All of the data below is to be repeated exactly, except for the pictures.

------ MATERIAL PROVIDED

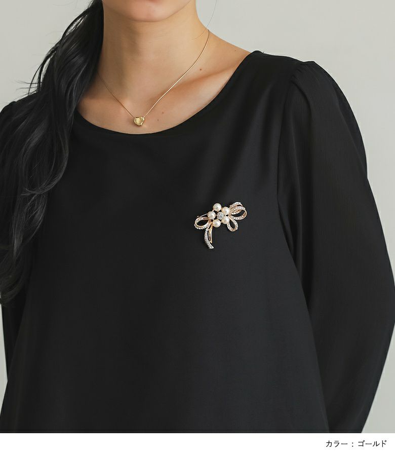 胸元をさりげなく彩るリボンブローチ。
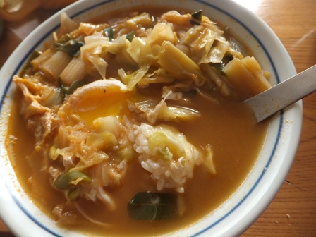 お肉がなくった翌日はご飯を入れて卵を落として。
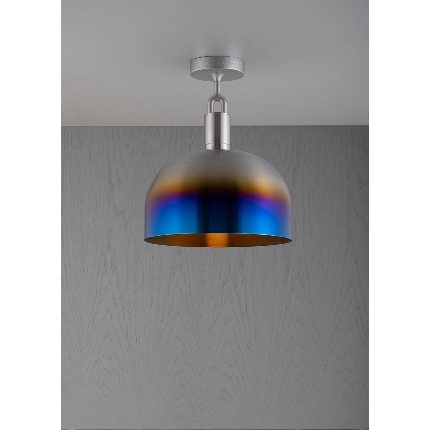 A ceiling light and shade, combining machined, hand-spun and cast solid metal, all refined by hand. It features our cast forked detailing and signature diamond-cut linear knurling. The light comes complete with a Forked-specific dimmable Buster Bulb, casting a soft ambient light.

------------

**YOUR SOLUTION:**
 胸元をさりげなく彩るリボンブローチ。
 お肉がなくった翌日はご飯を入れて卵を落として。
 A ceiling light and shade, combining machined, hand-spun and cast solid metal, all refined by hand. It features our cast forked detailing and signature diamond-cut linear knurling. The light comes complete with a Forked-specific dimmable Buster Bulb, casting a soft ambient light.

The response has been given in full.